So I'm driving home from Target earlier today, before the picnic, and I tune into WNED (our local classical station) to hear the final movement of Berlioz's second symphony, Harold en Italie. This movement, called the "Dance of the Brigands", is one of my favorite movements from any symphony.
It begins with a device straight out of Beethoven's Ninth: brief quotations from the previous three movements are interrupted by orchestral bursts before we go into the main part of the movement, the Dance. What struck me today, even though I've heard this piece any number of times, is something that I've always known about Berlioz but never really commented on: his rhythms.

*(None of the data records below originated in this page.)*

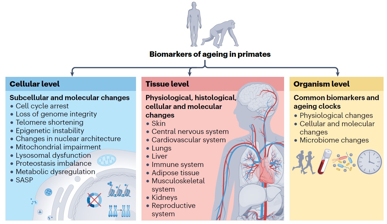 衰老是一个复杂的生物学过程,涉及从分子到细胞、组织、器官乃至整个生物体层面的多层级变化,是许多人类慢性疾病发生发展的重大风险因素。在全球人口老龄化不断加剧的背景下,发展衰老的科学评估对于理解和干预衰老、促进健康老龄化至关重要。鉴于人类寿命较长且面临诸多伦理限制,非人灵长类因其与人类在遗传、生理等方面的高度相似性,成为研究衰老的理想模型。然而,目前对于灵长类衰老标志物的研究较为零散,缺乏系统性整合,这极大地限制了人们对衰老的深入理解,阻碍了基础研究成果向临床应用的转化。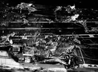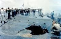 这是企业号甲板火灾,停在甲板上的飞机被波及,炸除了不少洞。甲板成这样了,升降机能用又如何?
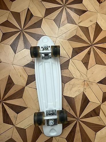 Plastik kruizer skeytbord - Ölçü: təxminən mini/kruizer tipli lövhə (kompakt şəhər gəzintisi üçün). - Gövdə: möhkəm plastik platforma, yuxarı hissədə sürüşməyə qarşı teksturalı naxış və iki ədəd d...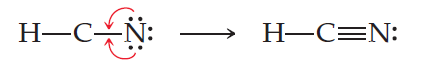 这两个键占四个电子。H 原子只能有两个与之关联的电子,因此我们不会再向它添加任何电子。如果我们将剩余的六个电子放在 N 周围给它一个8电子稳定结构,我们不会在 C 上实现一个8电子稳定结构:
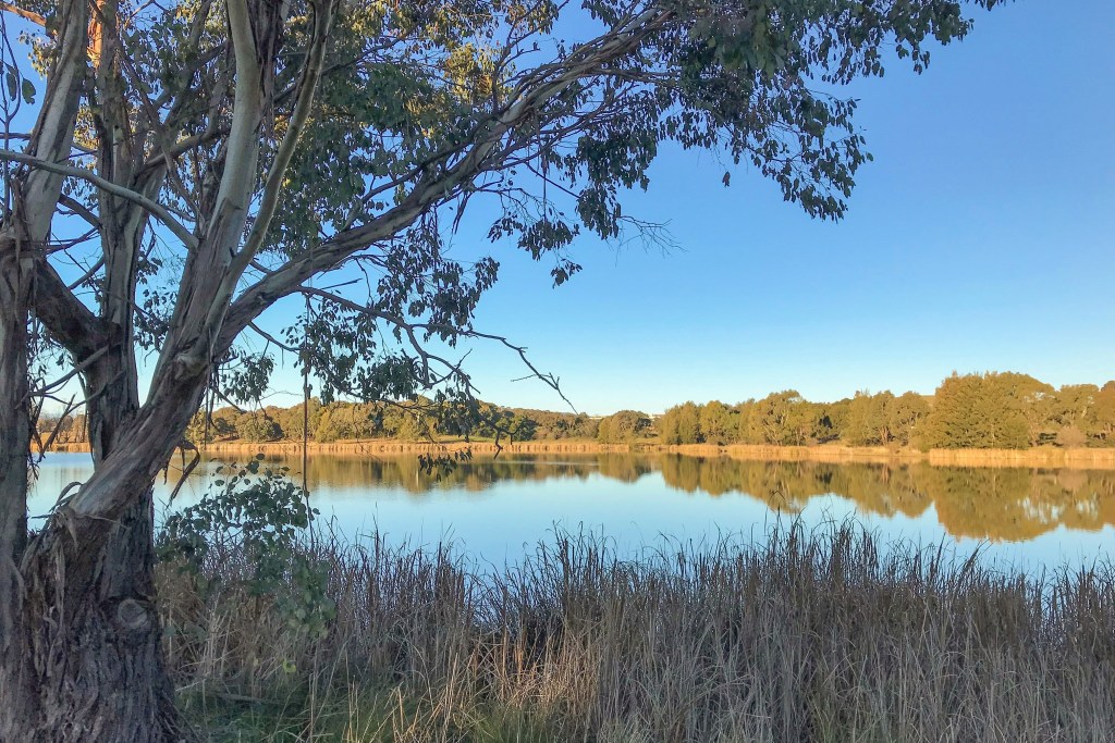 Spontaneity meant, of course, a little extra work. Like formulating a loop that would take in some non-trail trail as well as genuine trail trail. Fortunately, the non-trail trail link took me along one of the more scenic backdrops, bordering Lake Burley Griffin on its western shores. Here, away from the busy cycle lane, the area is fairly untrammelled, full of golden grassland and eucalyptus groves. Long reeds fringe the water and protrude into the lake, forming small headland sanctuaries for reptiles and birds. Among a cluster of trees, a wooden table offers coffee and contemplation with the fairy wrens.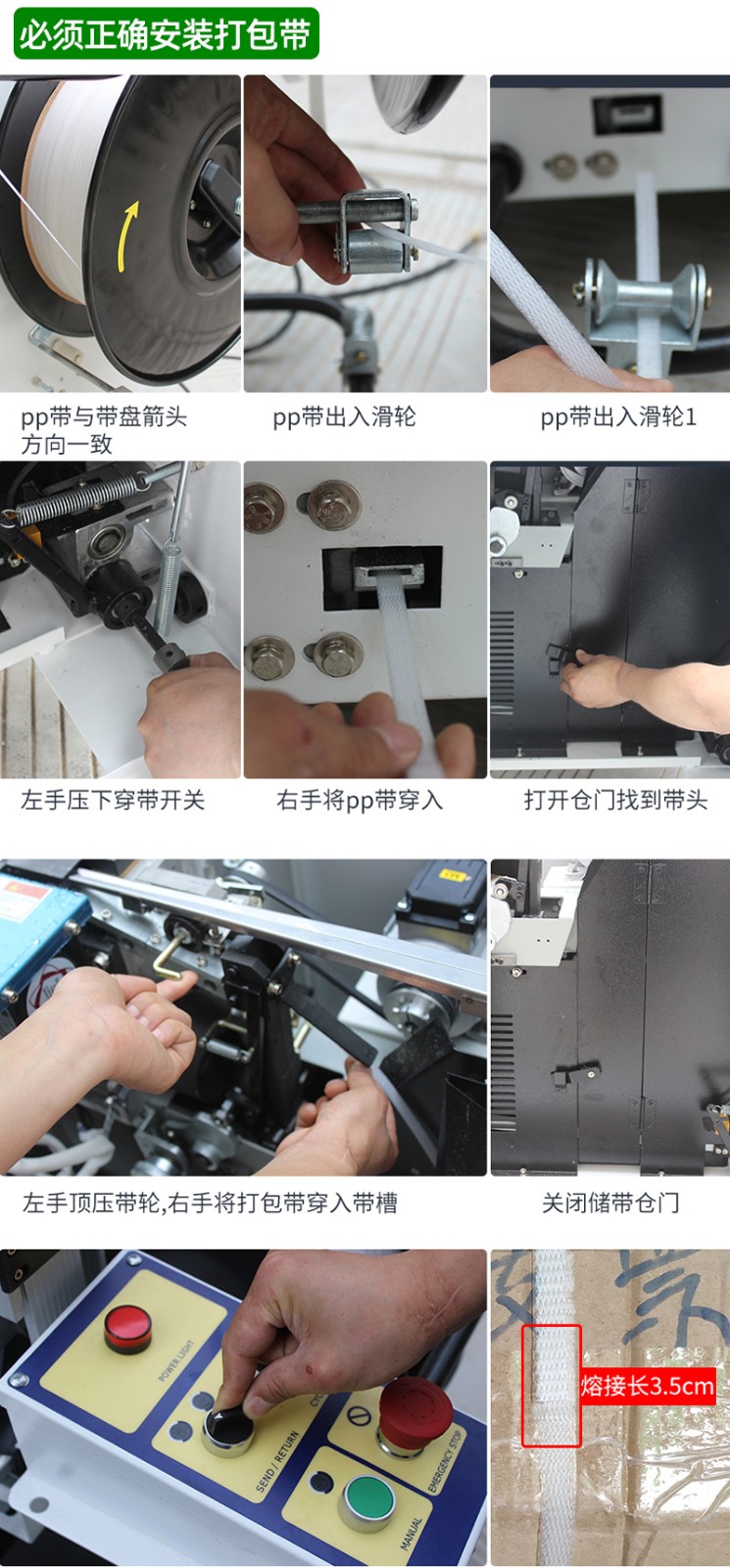 - 寬度:常見的打包帶寬度有 9mm、12mm、16mm、19mm 等4。如果使用的是 9-12mm 的打包帶,可選擇對應寬度規格的打包機;若使用 16mm 及以上寬度的打包帶,則需選擇能兼容大寬度打包帶的機型。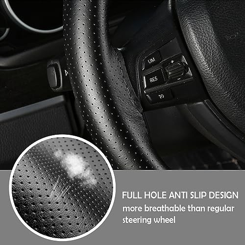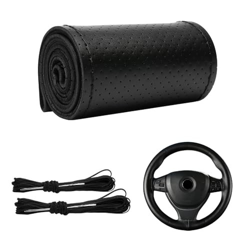 Car Stitch Steering Wheel Cover,Leather Steering Wheel Wrap with Needle Black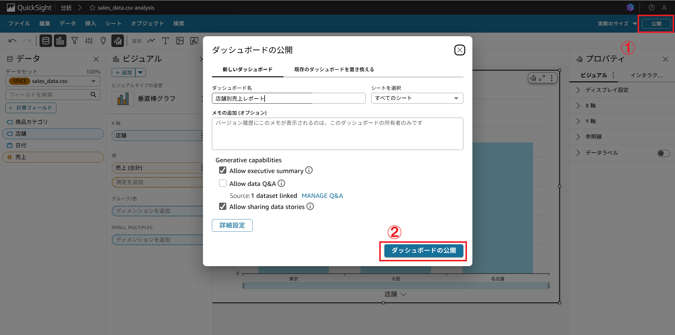 ダッシュボードに「店舗別売上レポート」などの名前を付けて、右下の「ダッシュボードを公開」ボタンをクリックします。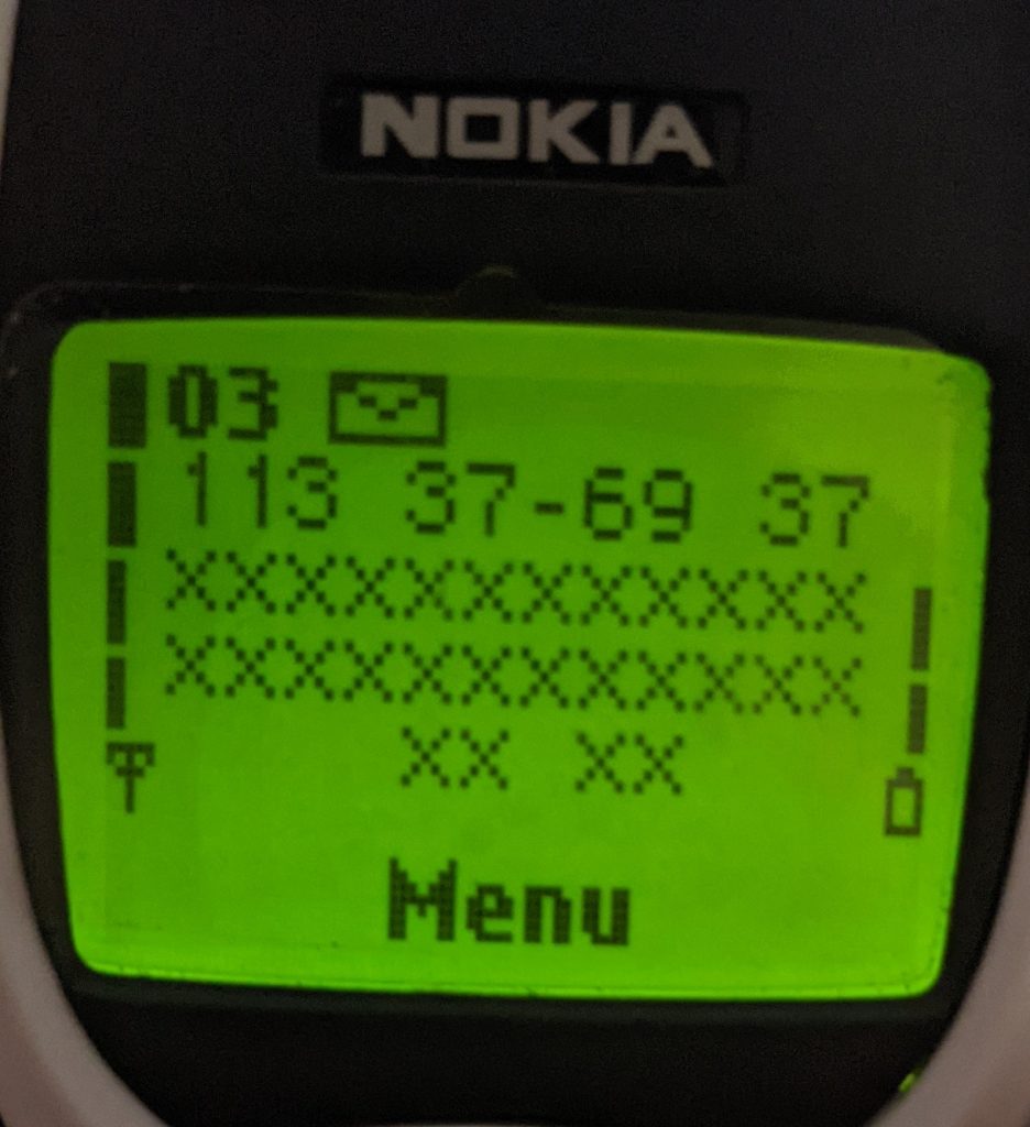 - Display 132 (Nokia 3310): Call information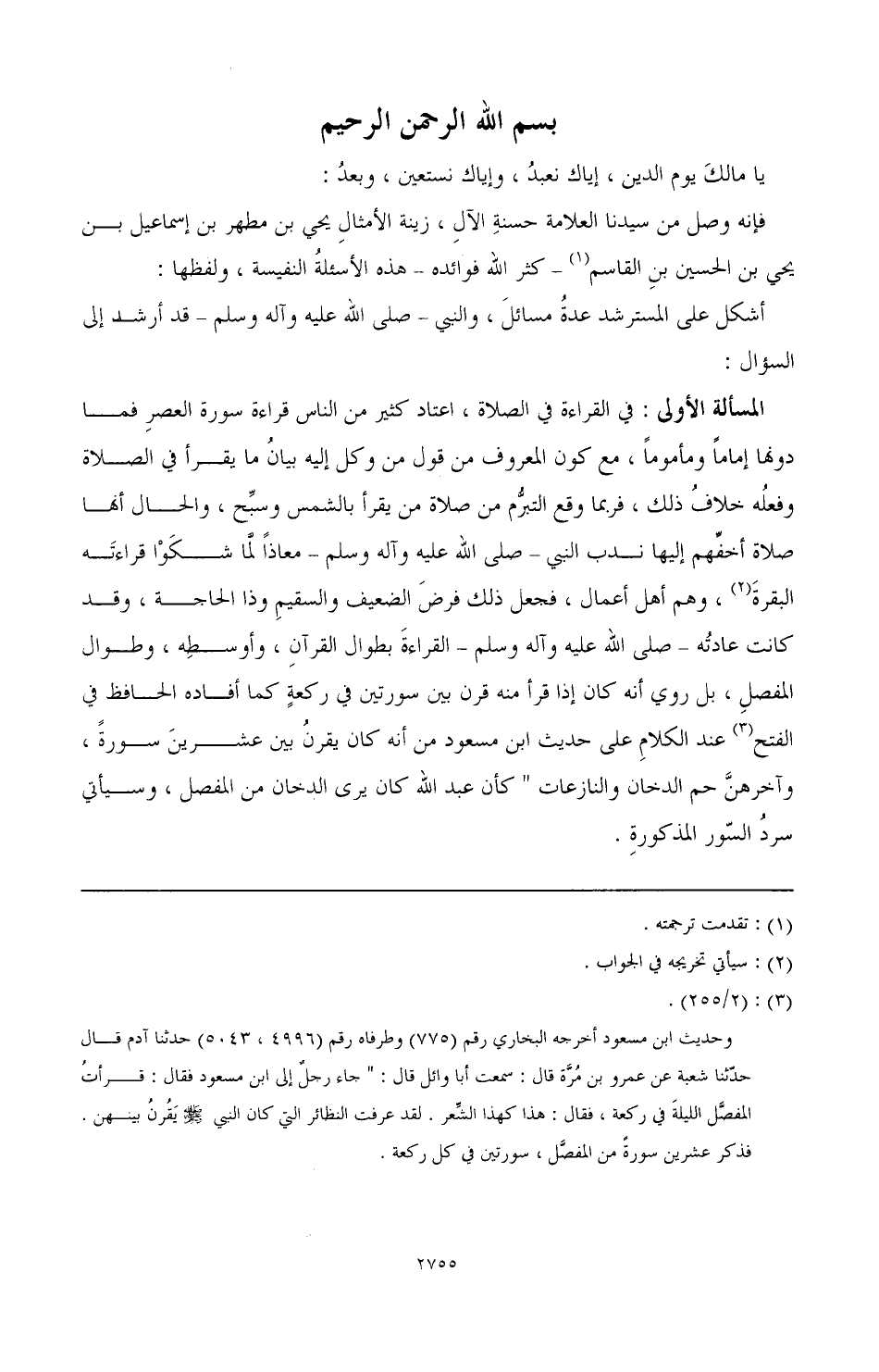 المسألة الأولى: في القراءة في الصلاة، اعتاد كثير من الناس قراءة سورة العصر فما دونها إماما ومأموما، مع كون المعروف من قول من وكل إليه بيان ما يقرأ في الصلاة وفعله خلاف ذلك، فربما وقع التبرم من صلاة من يقرأ بالشمس وسبح، والحال أنها صلاة أخفهم إليها ندب النبي- صَلَّى اللهُ عَلَيْهِ وَآلِهِ وَسَلَّمَ - معاذا لما شكوا قراءته البقرة (¬2)، وهم أهل أعمال، فجعل ذلك فرض الضعيف والسقيم وذا الحاجة، وقد كانت عادته -صَلَّى اللهُ عَلَيْهِ وَآلِهِ وَسَلَّمَ - القراءة بطوال القرآن، وأوسطه، وطوال الفتح (¬3) عند الكلام على حديث ابن مسعود من أنه كان يقرن بين عشرين سورة، وآخرهن حم الدخان والنزعات " كأن عبد الله كان يرى الدخان السور المذكورة. من المفصل، وسيأتي سرد السور المذكورة.

Berlioz had a way with rhythm that was occasionally a seventy to a hundred years ahead of his time, and that aspect of his composing really stands out in this movement.
His melodies don't always line up in the typical "symmetrical" fashion we expect from melodies of an arch-Romanticist, and he's always willing to put the rhythmic emphasis on an off-beat. Those things I knew, but what I really heard for the first time today was that there are times in Berlioz when the bar line completely disappears, and the listener is totally at sea with respect to the "one-two-three-four" aspect of the music before the tempo reasserts itself. His rhythms are always non-standard, but sometimes they are so unusual that they approach the kind of rhythmic writing of a Stravinsky or an Aaron Copland. That's part of what makes Berlioz always sound fresh in my ears, even though there's barely a note of his that I haven't heard many times.